Evaluate quality with MLflow's predefined scorers using the evaluation harness
Interpret results to identify quality issues
Improve your app based on evaluation results
Compare versions to verify improvements worked and didn't cause regressions

Prerequisites

Install MLflow and required packages

pip install --upgrade "mlflow[databricks]>=3.1.0" openai

Create an MLflow experiment by following the setup your environment quickstart.
Access to a Unity Catalog schema with CREATE TABLE permissions in order to create an evaluation dataset.

Step 1: Create your application

In this guide, we will evaluate an email generation app that:

Retrieves customer information from a CRM database
Generates personalized follow-up emails based on the retrieved information

Let's build our email generation app. The retrieval component is marked with span_type="RETRIEVER" to enable MLflow's retrieval-specific scorers.

import mlflow
from openai import OpenAI
from mlflow.entities import Document
from typing import List, Dict

# Enable automatic tracing for OpenAI calls
mlflow.openai.autolog()

# Connect to a Databricks LLM via OpenAI using the same credentials as MLflow
# Alternatively, you can use your own OpenAI credentials here
mlflow_creds = mlflow.utils.databricks_utils.get_databricks_host_creds()
client = OpenAI(
    api_key=mlflow_creds.token,
    base_url=f"{mlflow_creds.host}/serving-endpoints"
)

# Simulated CRM database
CRM_DATA = {
    "Acme Corp": {
        "contact_name": "Alice Chen",
        "recent_meeting": "Product demo on Monday, very interested in enterprise features.

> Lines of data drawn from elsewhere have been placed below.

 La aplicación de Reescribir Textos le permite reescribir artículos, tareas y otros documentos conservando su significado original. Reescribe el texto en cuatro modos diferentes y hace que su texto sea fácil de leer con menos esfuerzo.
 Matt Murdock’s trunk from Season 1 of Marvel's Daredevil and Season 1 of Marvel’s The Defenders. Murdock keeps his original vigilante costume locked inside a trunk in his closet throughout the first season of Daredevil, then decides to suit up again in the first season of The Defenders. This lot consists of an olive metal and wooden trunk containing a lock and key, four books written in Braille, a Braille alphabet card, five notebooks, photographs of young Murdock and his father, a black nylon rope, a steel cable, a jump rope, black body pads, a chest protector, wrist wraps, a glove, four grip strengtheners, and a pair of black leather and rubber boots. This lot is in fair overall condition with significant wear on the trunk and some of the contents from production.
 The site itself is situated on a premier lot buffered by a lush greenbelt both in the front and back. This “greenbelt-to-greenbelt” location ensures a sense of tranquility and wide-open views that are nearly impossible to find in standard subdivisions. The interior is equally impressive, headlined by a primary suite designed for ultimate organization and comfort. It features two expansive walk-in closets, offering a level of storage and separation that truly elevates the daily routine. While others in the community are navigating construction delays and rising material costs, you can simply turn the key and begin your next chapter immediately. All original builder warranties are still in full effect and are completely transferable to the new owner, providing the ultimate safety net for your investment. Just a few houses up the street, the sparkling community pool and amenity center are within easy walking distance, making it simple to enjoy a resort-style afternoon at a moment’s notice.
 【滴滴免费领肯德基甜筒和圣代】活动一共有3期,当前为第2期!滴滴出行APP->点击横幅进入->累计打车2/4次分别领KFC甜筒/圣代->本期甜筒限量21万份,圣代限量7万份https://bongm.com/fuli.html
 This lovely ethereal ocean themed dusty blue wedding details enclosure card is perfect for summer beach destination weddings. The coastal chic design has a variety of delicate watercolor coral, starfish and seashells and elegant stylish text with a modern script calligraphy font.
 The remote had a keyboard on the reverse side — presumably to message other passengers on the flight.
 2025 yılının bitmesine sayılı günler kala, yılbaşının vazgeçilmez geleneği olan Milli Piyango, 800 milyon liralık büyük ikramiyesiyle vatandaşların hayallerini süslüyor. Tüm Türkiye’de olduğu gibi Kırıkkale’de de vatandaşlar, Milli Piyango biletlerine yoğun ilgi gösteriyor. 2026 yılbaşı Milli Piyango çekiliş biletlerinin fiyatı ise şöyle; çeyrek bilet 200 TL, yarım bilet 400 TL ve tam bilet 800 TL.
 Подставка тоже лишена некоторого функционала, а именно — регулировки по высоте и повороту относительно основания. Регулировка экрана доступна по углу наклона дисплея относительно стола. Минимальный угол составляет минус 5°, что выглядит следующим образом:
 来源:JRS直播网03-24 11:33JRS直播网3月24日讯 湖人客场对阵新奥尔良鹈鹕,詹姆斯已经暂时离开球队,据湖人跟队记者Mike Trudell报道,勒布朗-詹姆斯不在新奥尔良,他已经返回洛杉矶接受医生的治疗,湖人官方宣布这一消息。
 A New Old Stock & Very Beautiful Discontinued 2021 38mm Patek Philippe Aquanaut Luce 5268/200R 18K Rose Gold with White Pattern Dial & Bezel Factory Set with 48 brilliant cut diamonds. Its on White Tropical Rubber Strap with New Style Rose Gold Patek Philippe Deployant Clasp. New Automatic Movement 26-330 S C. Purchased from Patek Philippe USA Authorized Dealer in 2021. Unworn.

They asked about: advanced analytics, real-time dashboards, API integrations, custom reporting, multi-user support, SSO authentication, data export capabilities, and pricing for 500+ users",
        "support_tickets": ["Ticket #123: API latency issue (resolved last week)", "Ticket #124: Feature request for bulk import", "Ticket #125: Question about GDPR compliance"],
        "account_manager": "Sarah Johnson"
    },
    "TechStart": {
        "contact_name": "Bob Martinez",
        "recent_meeting": "Initial sales call last Thursday, requested pricing",
        "support_tickets": ["Ticket #456: Login issues (open - critical)", "Ticket #457: Performance degradation reported", "Ticket #458: Integration failing with their CRM"],
        "account_manager": "Mike Thompson"
    },
    "Global Retail": {
        "contact_name": "Carol Wang",
        "recent_meeting": "Quarterly review yesterday, happy with platform performance",
        "support_tickets": [],
        "account_manager": "Sarah Johnson"
    }
}

# Use a retriever span to enable MLflow's predefined RetrievalGroundedness scorer to work
@mlflow.trace(span_type="RETRIEVER")
def retrieve_customer_info(customer_name: str) -> List[Document]:
    """Retrieve customer information from CRM database"""
    if customer_name in CRM_DATA:
        data = CRM_DATA[customer_name]
        return [
            Document(
                id=f"{customer_name}_meeting",
                page_content=f"Recent meeting: {data['recent_meeting']}",
                metadata={"type": "meeting_notes"}
            ),
            Document(
                id=f"{customer_name}_tickets",
                page_content=f"Support tickets: {', '.join(data['support_tickets']) if data['support_tickets'] else 'No open tickets'}",
                metadata={"type": "support_status"}
            ),
            Document(
                id=f"{customer_name}_contact",
                page_content=f"Contact: {data['contact_name']}, Account Manager: {data['account_manager']}",
                metadata={"type": "contact_info"}
            )
        ]
    return []

@mlflow.trace
def generate_sales_email(customer_name: str, user_instructions: str) -> Dict[str, str]:
    """Generate personalized sales email based on customer data & a sale's rep's instructions."""
    # Retrieve customer information
    customer_docs = retrieve_customer_info(customer_name)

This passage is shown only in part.